Oh no! But that's great you've had a better morning, sounds like what you're doing is having a brilliant result.

When my 2.5 DS has an eating day like yours I do the same as you, don't stress it too much, remind myself that no child ever starved themsleves to death, and that maybe he's just not hungry/is still teething a bit.

Keep up the good work!

cyberfairy Mon 18-Feb-13 15:48:59

I have the same problem as you and utterly sick of him saying 'no' to every single question. With the booster seat, I have found that asking him to get in and click himself in works as he is delighted by clips and buckles.
With the dinner thing, when he refuses everything without even trying, he is just given a oatcake and fruit as an alternative. He tends to eat more the next day to make up for it but still won't touch salad or most pulses and veg. Advocado has been a godsend...

cyberfairy Mon 18-Feb-13 15:49:48

I have the same problem as you and utterly sick of him saying 'no' to every single question. With the booster seat, I have found that asking him to get in and click himself in works as he is delighted by clips and buckles.
With the dinner thing, when he refuses everything without even trying, he is just given a oatcake and fruit as an alternative. He tends to eat more the next day to make up for it but still won't touch salad or most pulses and veg. Advocado has been a godsend...

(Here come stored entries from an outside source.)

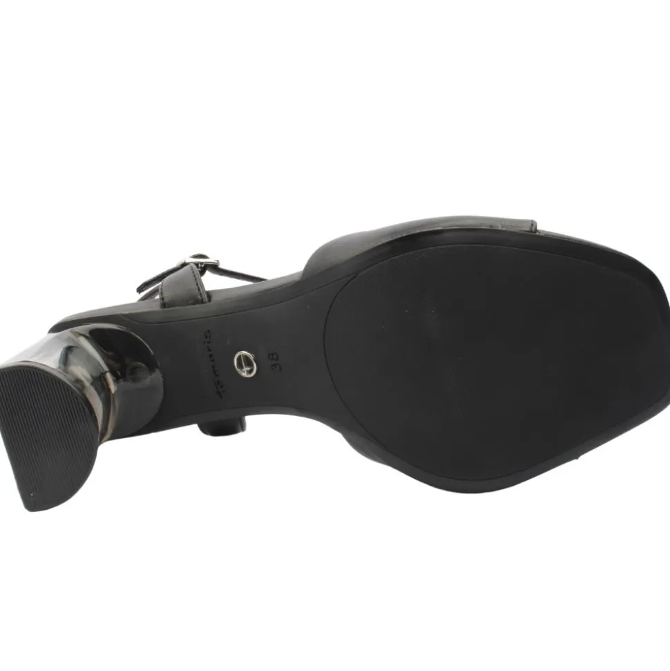 Step into comfort with the ladies heels from Tamaris shoes. A secure buckle strap around the ankle and a chic strap across the toe provide a perfect fit and effortless style. A uniquely crafted, see-through block heel adds a modern, eye-catching touch, ensuring you stand out with every step. Contemporary squared-off details elevate the design, offering a trendy yet timeless appeal.
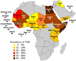 Female genital mutilation (FGM), also known as female genital circumcision or cutting, is the traditional, non-medical practice of altering or injuring the female reproductive organs, often by removing all or parts of the external genitalia.[59] It is mostly practiced in 30 countries in Africa, the Middle East, and Asia, and affects over 200 million women and girls worldwide. More severe forms of FGM are highly concentrated in Djibouti, Eritrea, Ethiopia, Somalia, and Sudan.[60]
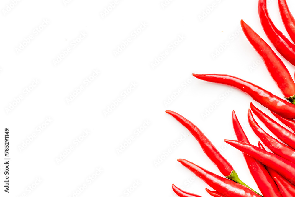 Fresh red chilli pepper as food ingredient on white table background top view mockup
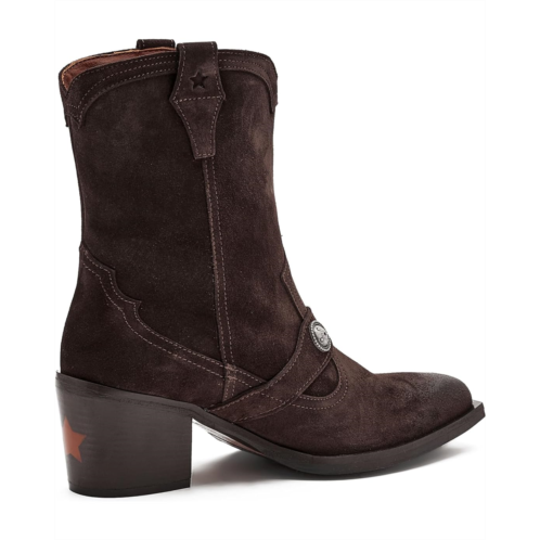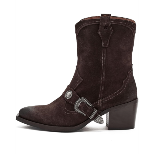 A vintage soul with a modern bite, Free People Lady Lonestar Western Boots. Crafted with a rich suede upper, these boots bring soft texture and elevated style to every outfit, from flowy dresses to lived-in denim. The smooth leather lining, insole, and outsole offer premium comfort and durability, making them perfect for all-day wear with a luxe feel underfoot. Designed with an easy pull-on silhouette, they slip on seamlessly while keeping that timeless Western profile intact. A statement buckle detail adds just the right touch of attitude, giving these boots a standout finish that feels both vintage-inspired and fashion-forward.
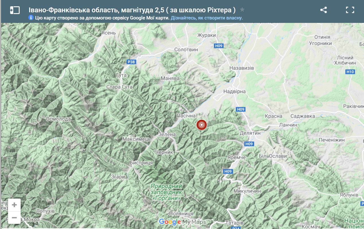 Толчки под землей были зафиксированы в Надворнянском районе Ивано-Франковской области, в 10 км. к юго-западу от города Надвирна на глубине 2 км.
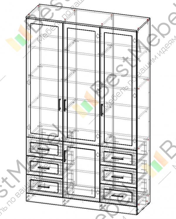 Шкаф книжный 3 №7 BMS оборудован застекленными полками в верхней части, а в нижней располагаются шесть выдвижных ящиков и отделение с глухой дверцей. Конструкция удобна для размещения книг и декора, документов и рабочих материалов. Рамки фасадов и древесные тона в оформлении шкафа создают классический дизайн, легко вписывающийся в интерьеры разного типа. Купить шкаф книжный 3 №7 BMS с выбором размеров, цвета и фурнитуры вы сможете в нашем интернет-магазине.

SpanishFly Mon 18-Feb-13 21:14:20

Well, what a positive day! I banned me saying no, for starters. TV was barely on all day (rare in this house) and all food was at the table, no snacks while sitting playing etc.
Whenever he shouted NO at me, I completely blanked him and turned my back on him. I was astounded as to how quickly he stopped.
He wouldn't stay out of the kitchen when I was making dinner so I put a variety of fruit in a basket and sat him beside it on the floor, asking him to find me an apple, then an orange, etc etc. No negativity at all, just distractions and diverting him elsewhere when he was starting to wind me up. I was close to cracking a few times but didn't, thankfully. ...
Now to get dh to start doing the same.

Ha! Well done! It's amazing how quickly the whole positive rambling thing works (mostly), and seems to deflect their negative moods, but it's still tough some days, when nothing seems to work. Those days I just take the easy options and let him watch telly a bit longer.

No matter how much I tried to humour my DS this morn, he still decided to pull off his dirty nappy and run aorund the bedroom...poo flying...I had to try very, very hard to not shout and instead just got him in an arm lock and wiped him clean, after which he had a big shouty tantrum (fists beating the floor and all) on the landing.